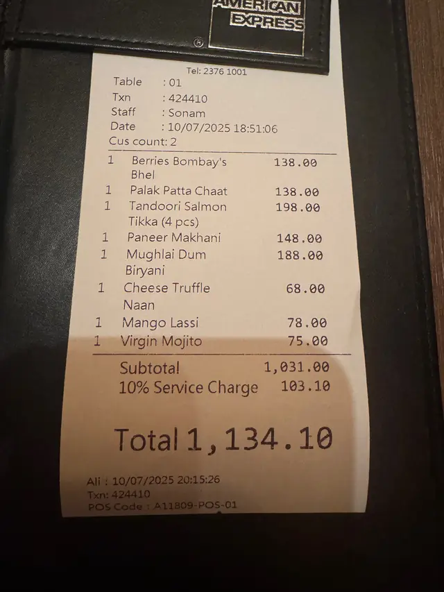 整體嚟講,菜式味道正宗又帶創意,份量適中,適合同朋友一齊share。服務員態度友好,見我哋有啲唔明白菜式嘅做法,佢仲主動解釋咗一啲印度菜嘅烹調方法,感覺好貼心。食物上菜時間都快,環境又舒服,尤其係live music,食飯時聽住印度傳統樂器同歌聲,感覺好似去佐一轉旅行,實在係意料之外嘅驚喜。坐喺度食飯真係好享受。
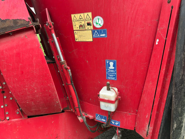 Dotato di: Sistema di pesatura Triotronic 2400V, sterzo, controcoltelli, porte di scarico a destra e a sinistra, soffiatore per paglia
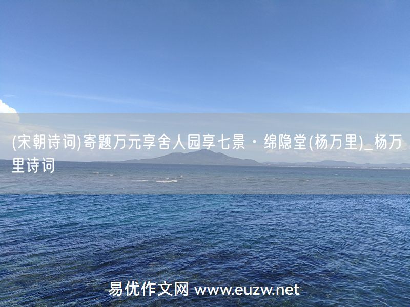 易優(yōu)作文網(wǎng)——(宋朝詩詞)寄題萬元享舍人園享七景·綿隱堂(楊萬里)_楊萬里詩詞
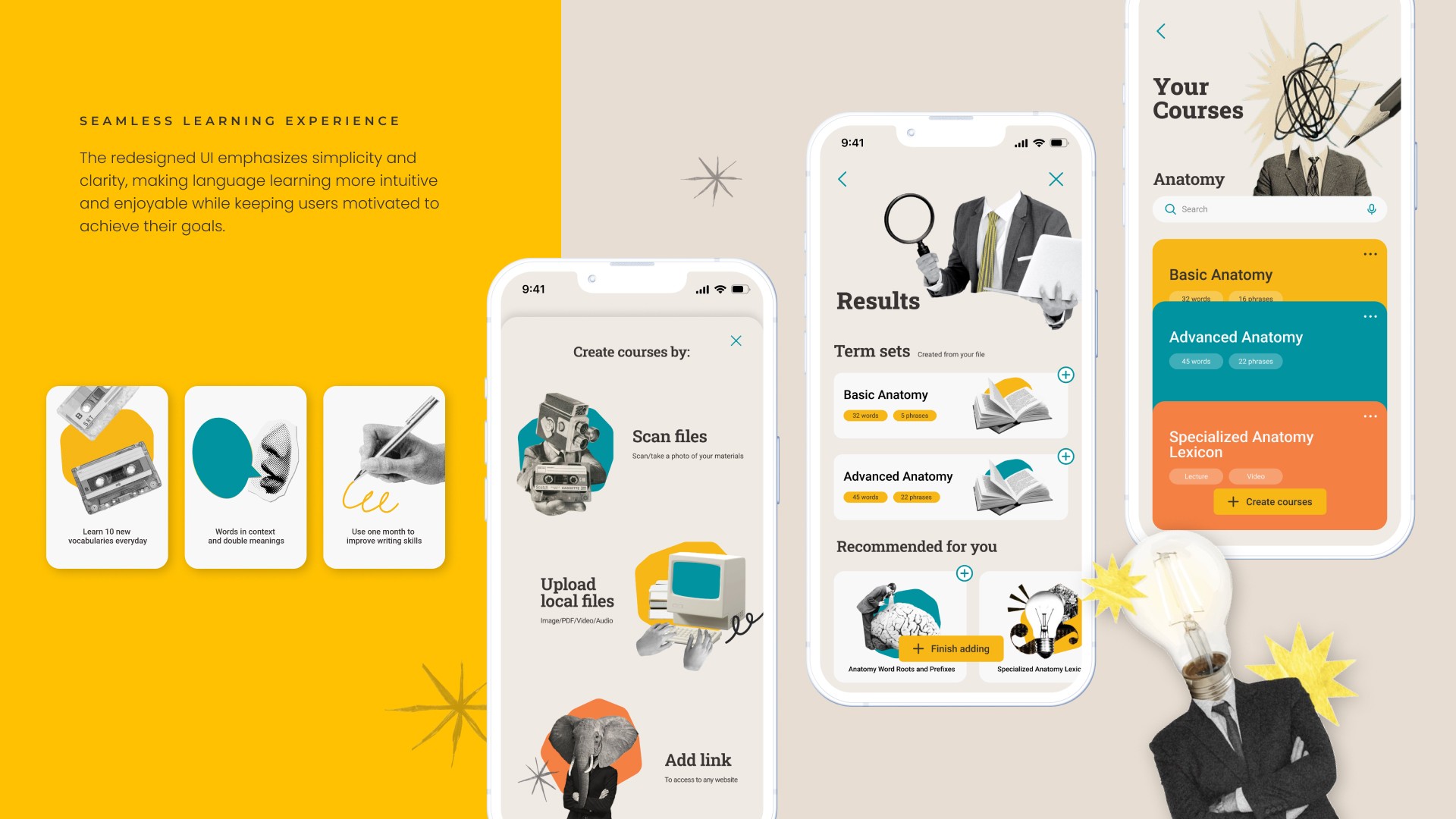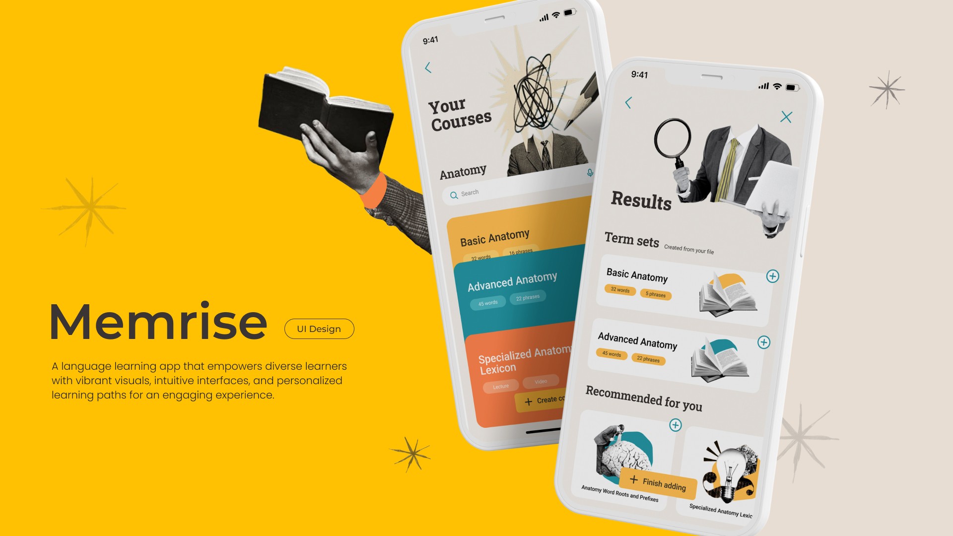 Memrise is a language learning app that uses cognitive and memorization methods, however was lacking customization, making it challenging for users to address their individual weaknesses. We are committed to delivering an engaging, interactive, and personalized learning experience to a diverse audience, utilizing a combination of photography, vibrant colors, and intuitive design to create a vibe of fun, reliability, and aspiration in our users as they embark on their learning journey.

Work request: Starting with the line that holds "易優(yōu)作文網(wǎn", repeat exactly every line through the end of the material above, both ends included, without the pictures.

Task output:
 易優(yōu)作文網(wǎng)——(宋朝詩詞)寄題萬元享舍人園享七景·綿隱堂(楊萬里)_楊萬里詩詞
 Memrise is a language learning app that uses cognitive and memorization methods, however was lacking customization, making it challenging for users to address their individual weaknesses. We are committed to delivering an engaging, interactive, and personalized learning experience to a diverse audience, utilizing a combination of photography, vibrant colors, and intuitive design to create a vibe of fun, reliability, and aspiration in our users as they embark on their learning journey.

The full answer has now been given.